4. MTP Powered by the Overlap Scheduler
Since v0.4, overlap scheduler has been serving as the default batch scheduling strategy for SGLang, with its capacity to reach zero CPU overhead through overlapping CPU scheduling with GPU computation. Meanwhile, Multi-token Prediction (MTP) is one of the most popular speculative decoding methods, widely adopted by mainstream models including DeepSeek R1. More details of MTP implementation in SGLang can be found in this blog.


As an effort to combine MTP and overlap scheduler seamlessly, SGLang proposes Spec-V2, which mitigates the synchronization between MTP batches with finely designed message passing and overlapping strategy.
To be specific, Spec-V2 adopts a two-stream design: a forward stream for all the GPU computation, and a schedule stream (here we use term “stream” to emphasize asynchronicity) for CPU operations including result processing, memory deallocation, preparation for the next batch and so on.
To avoid synchronization barriers caused by transferring metadata tensors from device to host, Spec-V2 creates a future tensor map, where the schedule stream first creates the reference of metadata tensors, and only reads them until the last batch materializes them. In this way, the CPU operations can be overlapped with the target verify or draft extend process of the last MTP batch.
Furthermore, we enhanced the support of MTP with overlap scheduler in following parts:
- Compatibility with PD Disaggregation and WideEP, unlocking performance under higher concurrencies.
- Capturing cuda graphs for all stages (draft decode, target verify, draft extend) of MTP forward process, further reducing CPU overhead.
- FP8 quantization of MoE weights in the MTP layer, which works with DeepGemm and DeepEP more smoothly.
Experiments
1. Max Throughput Analysis
To characterize the max throughput of DeepSeek-R1, we measure the maximum achievable TPS under a long-context workload (ISL = 128K, OSL = 8K).

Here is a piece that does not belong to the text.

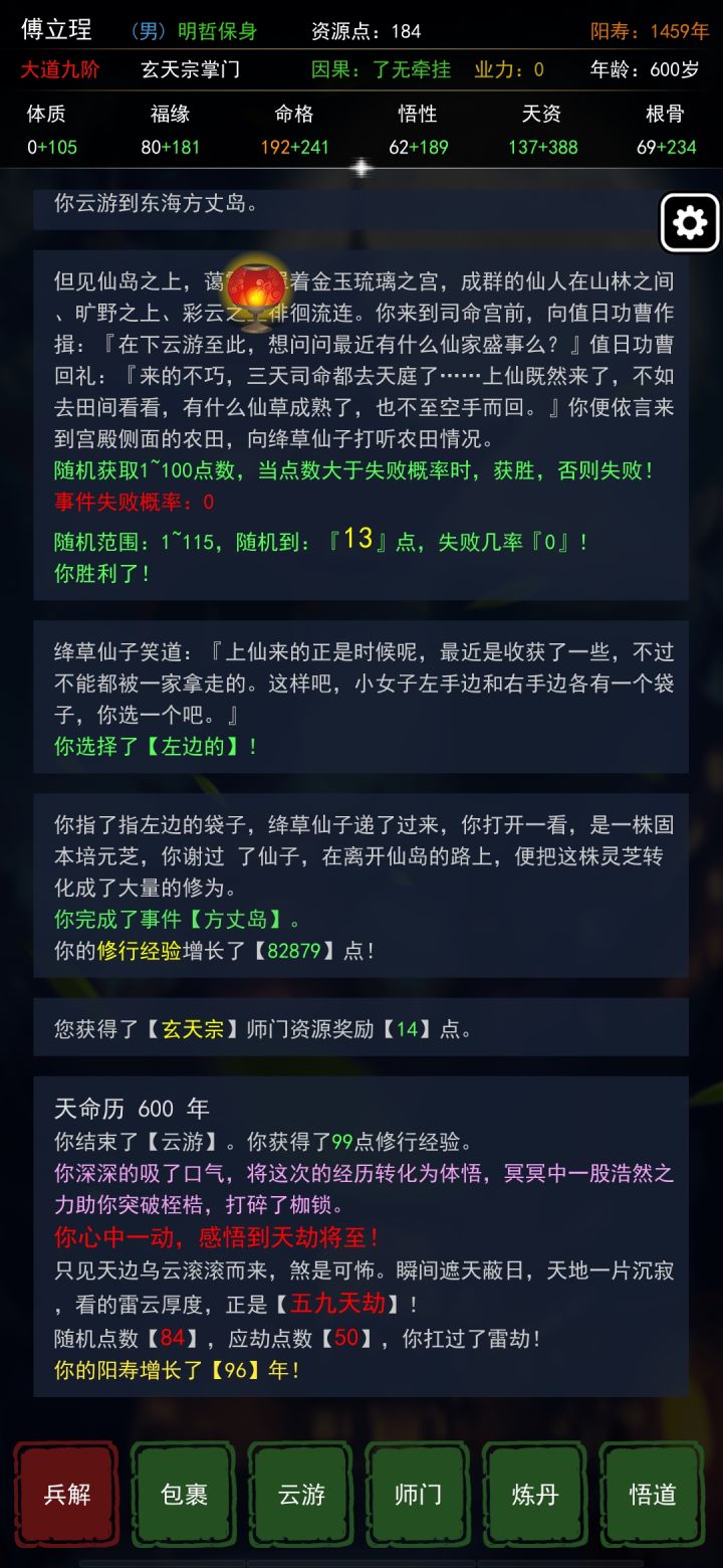 只要能弄到棋枰事件,就可以降低其他事件的出现概率。但是也会降低修为获取的效率。如图所示,加了这么多命格,有什么用。。。棋枰把冰岛,不周山,方丈山等事件都挤没了,虽然有助于通关,但是很难。

Without MTP, GB300 reaches 226.2 TPS/GPU — 1.53X over GB200 (147.9 TPS/GPU). With long context, the peak throughput is primarily constrained by the decode-side KV cache capacity and memory bandwidth rather than the compute capability; GB300's larger HBM capacity enables higher decode batch size, allowing more requests to remain active without triggering retraction.
With MTP enabled, GB300 sustains 224.2 TPS/GPU versus 169.1 on GB200 (1.33X). Notably, MTP's primary benefit lies in per-user throughput: GB300's TPS/User nearly doubles from 23 to 43 (+87%) while maintaining peak-level TPS/GPU, meaning each user receives significantly faster responses without sacrificing system-wide throughput.
2. Peak Capacity vs. Latency Constraints

To compare GB300 and GB200 under realistic inference usage, we evaluate performance across two representative scenarios:
- High-throughput-oriented scenario (TPS/User = 30–40 for Non-MTP, 40–50 for MTP), where the system is tuned to maximize aggregate throughput and latency constraints are relaxed.
- Latency–throughput balanced scenario (TPS/User = 50–60 for Non-MTP, 60–70 for MTP), which reflects higher per-user throughput and stricter responsiveness requirements.
In the high-throughput scenario, GB300 achieves 204.7 TPS/GPU versus 147.9 on GB200 (+38.4%) without MTP. With MTP, the speedup is higher with 224.2 vs. 169.1 TPS/GPU (+44.9%).
In the latency–throughput balanced scenario, GB300 maintains 1.58X without MTP (167.9 vs. 106.5 TPS/GPU) and 1.40X gain with MTP (196.4 vs. 140.0 TPS/GPU).
Overall, GB300 consistently outperforms GB200 by 1.4X–1.5X, with the largest relative gains under latency-sensitive conditions where GB300 shows stronger resilience to throughput degradation at higher per-user throughput.
3. Prefill Latency: Chunking Strategies and TTFT Optimizations
To evaluate the impact of chunking strategies and hardware on prefill latency, we benchmark Mean TTFT under a long-context workload (ISL = 128K, OSL = 8K) using a 1P/1D disaggregated setup with 8 GPUs. We compare three chunking dimensions: no chunking (concurrency = 1), static chunking, and dynamic chunking, across initial chunk sizes of 16K, 32K, and 64K.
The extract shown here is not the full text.